Exercise description –
Below are records with pictures. Transcribe exactly, and only, the lines from the line with "This mobility and" to the line with "NK-120 20W [NBR000066]", both ends included, but not the pictures.
------ Records for processing ------
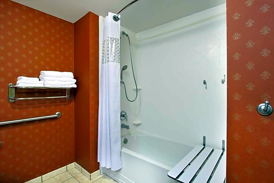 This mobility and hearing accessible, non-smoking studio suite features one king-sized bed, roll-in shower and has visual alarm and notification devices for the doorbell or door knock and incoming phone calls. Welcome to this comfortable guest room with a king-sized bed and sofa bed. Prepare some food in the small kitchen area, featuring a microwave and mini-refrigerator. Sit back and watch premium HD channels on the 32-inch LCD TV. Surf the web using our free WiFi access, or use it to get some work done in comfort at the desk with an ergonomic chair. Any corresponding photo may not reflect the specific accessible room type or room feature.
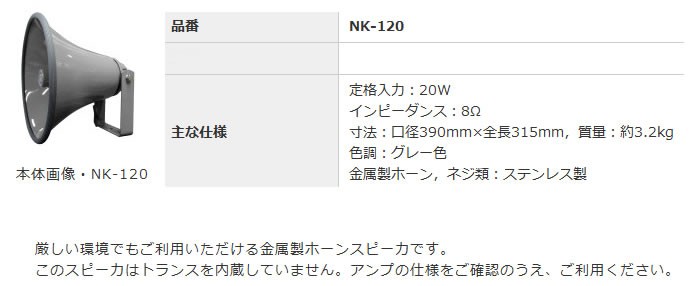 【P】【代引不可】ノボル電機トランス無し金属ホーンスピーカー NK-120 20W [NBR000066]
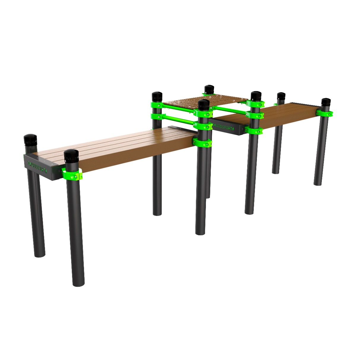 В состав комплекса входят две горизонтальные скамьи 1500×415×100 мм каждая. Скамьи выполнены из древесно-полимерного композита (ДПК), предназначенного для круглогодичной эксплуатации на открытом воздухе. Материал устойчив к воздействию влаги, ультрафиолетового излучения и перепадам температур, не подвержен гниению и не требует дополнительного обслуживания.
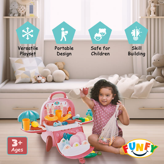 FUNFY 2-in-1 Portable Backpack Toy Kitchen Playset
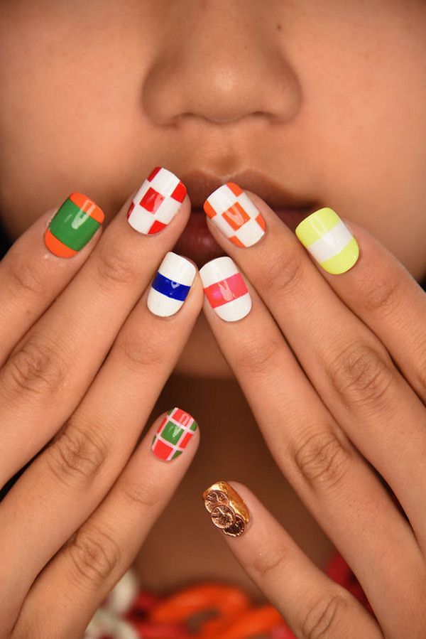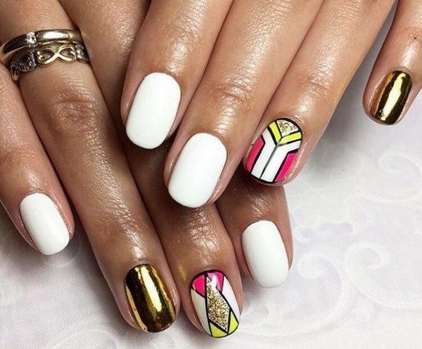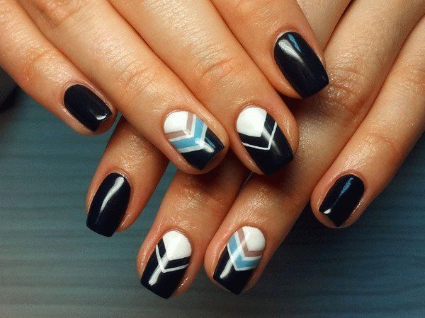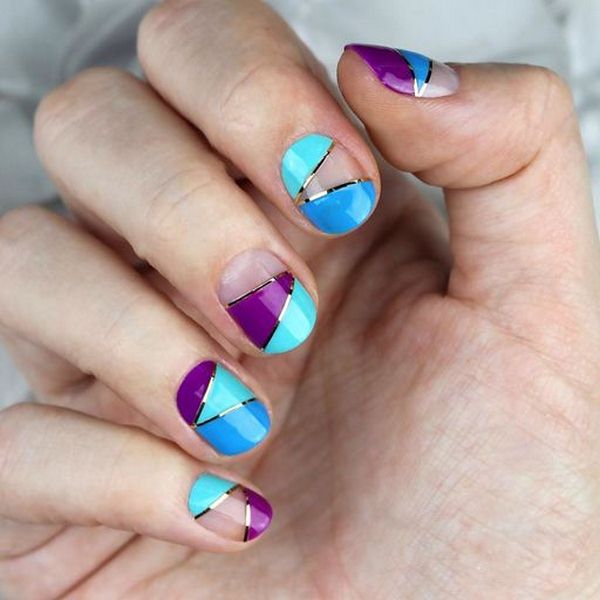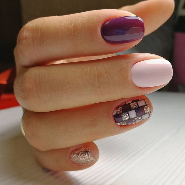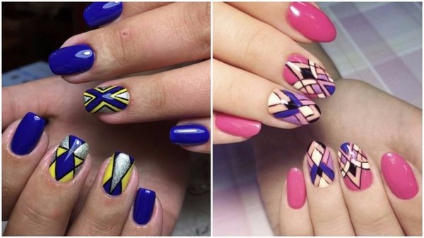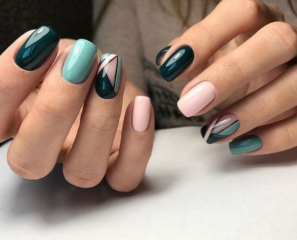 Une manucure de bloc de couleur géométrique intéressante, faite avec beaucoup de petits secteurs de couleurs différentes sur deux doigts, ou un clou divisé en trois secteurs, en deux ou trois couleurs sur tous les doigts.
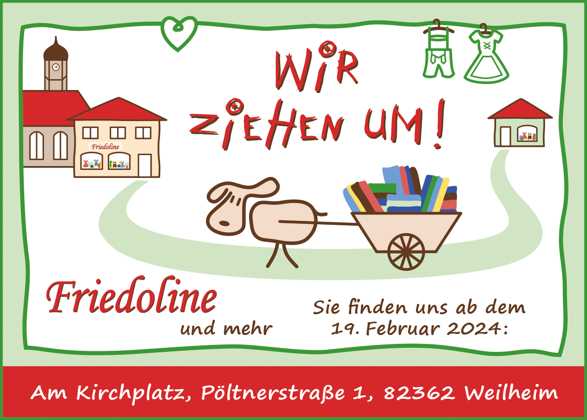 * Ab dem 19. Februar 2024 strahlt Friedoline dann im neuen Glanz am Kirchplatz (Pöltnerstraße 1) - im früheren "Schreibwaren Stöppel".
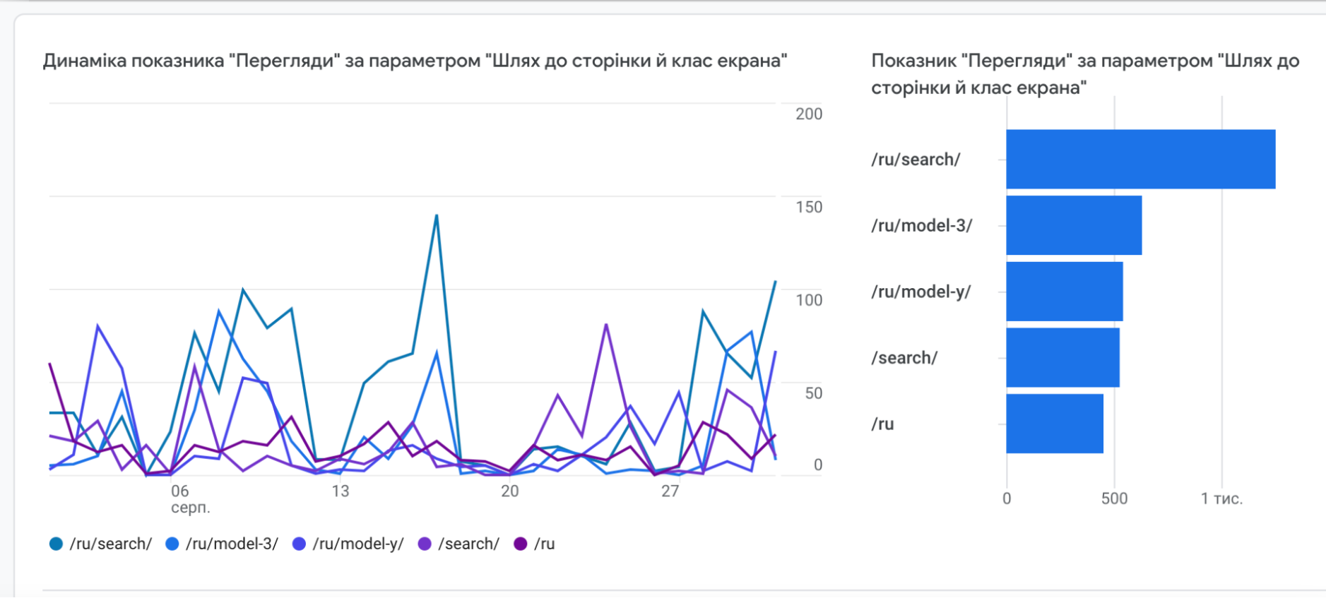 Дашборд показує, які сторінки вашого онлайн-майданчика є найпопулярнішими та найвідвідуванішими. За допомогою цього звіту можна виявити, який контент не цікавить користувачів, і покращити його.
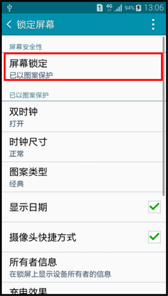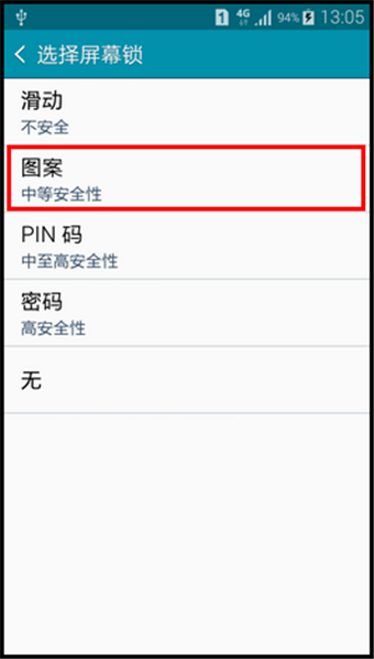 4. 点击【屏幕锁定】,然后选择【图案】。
------
------ Records for processing ------
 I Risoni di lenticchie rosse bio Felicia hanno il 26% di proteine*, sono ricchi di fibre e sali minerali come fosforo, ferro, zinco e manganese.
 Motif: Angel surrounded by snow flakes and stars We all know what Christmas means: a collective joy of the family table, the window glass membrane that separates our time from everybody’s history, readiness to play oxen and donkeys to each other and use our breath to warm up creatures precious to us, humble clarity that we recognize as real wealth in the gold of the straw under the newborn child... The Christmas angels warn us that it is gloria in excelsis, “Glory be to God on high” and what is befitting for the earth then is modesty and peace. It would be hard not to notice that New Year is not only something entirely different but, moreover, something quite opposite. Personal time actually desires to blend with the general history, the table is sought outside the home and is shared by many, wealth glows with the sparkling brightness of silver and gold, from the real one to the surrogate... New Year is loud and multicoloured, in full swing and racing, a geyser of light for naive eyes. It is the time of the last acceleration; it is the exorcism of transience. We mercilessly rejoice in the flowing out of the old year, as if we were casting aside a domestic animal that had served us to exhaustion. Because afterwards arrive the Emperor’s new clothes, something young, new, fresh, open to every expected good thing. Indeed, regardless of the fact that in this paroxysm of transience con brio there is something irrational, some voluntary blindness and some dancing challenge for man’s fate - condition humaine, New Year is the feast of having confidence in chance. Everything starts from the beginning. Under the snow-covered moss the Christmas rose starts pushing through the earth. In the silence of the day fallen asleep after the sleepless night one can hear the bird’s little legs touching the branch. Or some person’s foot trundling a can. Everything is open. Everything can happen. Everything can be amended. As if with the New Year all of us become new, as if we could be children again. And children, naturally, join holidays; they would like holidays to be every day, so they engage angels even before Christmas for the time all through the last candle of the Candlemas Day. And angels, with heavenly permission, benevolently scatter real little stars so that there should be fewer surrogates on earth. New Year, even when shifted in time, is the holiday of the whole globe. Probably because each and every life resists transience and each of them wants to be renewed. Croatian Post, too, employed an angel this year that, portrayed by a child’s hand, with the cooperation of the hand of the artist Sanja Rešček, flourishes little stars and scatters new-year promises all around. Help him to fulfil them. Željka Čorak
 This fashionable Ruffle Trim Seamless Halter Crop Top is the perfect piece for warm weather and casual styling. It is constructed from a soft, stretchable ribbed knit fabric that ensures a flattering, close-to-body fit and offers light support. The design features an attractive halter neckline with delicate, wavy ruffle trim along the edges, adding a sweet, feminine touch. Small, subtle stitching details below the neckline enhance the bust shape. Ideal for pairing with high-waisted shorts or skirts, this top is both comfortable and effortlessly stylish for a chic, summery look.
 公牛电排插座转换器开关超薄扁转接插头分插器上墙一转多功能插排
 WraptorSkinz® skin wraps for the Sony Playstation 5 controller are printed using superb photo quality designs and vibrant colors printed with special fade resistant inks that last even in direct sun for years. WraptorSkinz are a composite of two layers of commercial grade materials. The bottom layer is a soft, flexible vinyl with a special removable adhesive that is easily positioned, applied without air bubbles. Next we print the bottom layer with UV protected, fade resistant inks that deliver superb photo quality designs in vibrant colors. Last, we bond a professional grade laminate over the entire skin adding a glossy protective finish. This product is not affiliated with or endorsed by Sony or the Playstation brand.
------
Task response –
 This mobility and hearing accessible, non-smoking studio suite features one king-sized bed, roll-in shower and has visual alarm and notification devices for the doorbell or door knock and incoming phone calls. Welcome to this comfortable guest room with a king-sized bed and sofa bed. Prepare some food in the small kitchen area, featuring a microwave and mini-refrigerator. Sit back and watch premium HD channels on the 32-inch LCD TV. Surf the web using our free WiFi access, or use it to get some work done in comfort at the desk with an ergonomic chair. Any corresponding photo may not reflect the specific accessible room type or room feature.
 【P】【代引不可】ノボル電機トランス無し金属ホーンスピーカー NK-120 20W [NBR000066]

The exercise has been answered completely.